I would be quite delighted with a portable Pi, or Pi laptop, and would likely buy one if it became available. The level of desire or want has no relationship to the suitability of the available Pi platforms for use as the main building block of a laptop.But what if you want a portable Raspberry Pi? Many people don't need or want one and so they have a complete blind spot to others that might think differently.
I can see the use case for a portable Pi, especially if you are making use of the GPIO. However, the form factor, thermals, port layout and sheer height of a 4B or 5 make it a crappy foundation block for a laptop. The other factor most people overlook or don't understand is the complexity of getting a recycled laptop display to play nicely with a Pi. The OP may not care, and doing things just because you can, if often a big enough reason. The question is are you trying to find something interesting to do with a Pi, or are you trying to build a decent laptop.
If the goal is inexpensive laptop form factor computing, there are many better building blocks. Recycled Chromebooks for example make fabulous Linux laptops.
GPIO aside I could repurpose a used chromebook and forget Raspberry Pi altogether, portable or not.

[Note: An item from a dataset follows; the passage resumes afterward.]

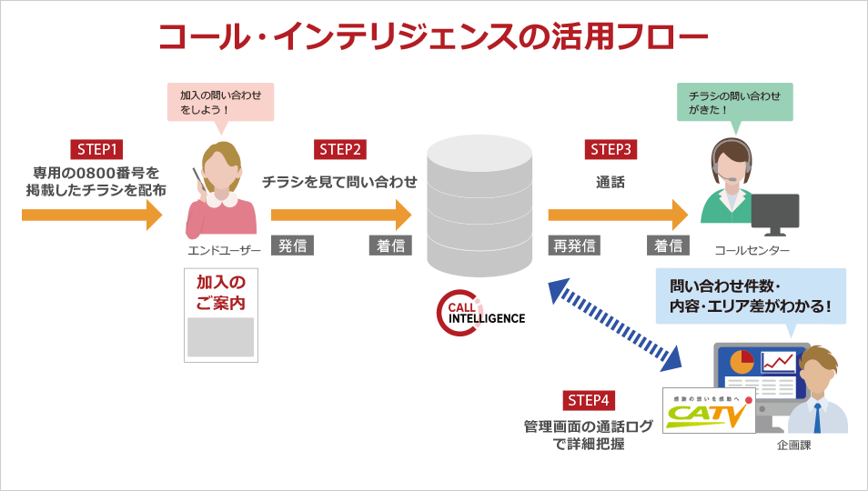 さらに、ケーブルテレビ加入促進用チラシを3エリア毎に測定用電話番号を振り分け、同じ案内でも、エリアによっての反響の違いが可視化できました。これにより、チラシの内容や配布量の見直しなどがはかれると考えています。

The fact is that the current physical hardware in either standalone/mainboard Pi (4B or 5) or all in one (400, 500) are not a suitable building block to make a laptop. The CM4 or CM5 with a custom motherboard is closer. However, that approach would require the most design work. The Pi team certainly could make one with a custom PCB, but I suspect they currently believe that the demand would not justify the NRE costs.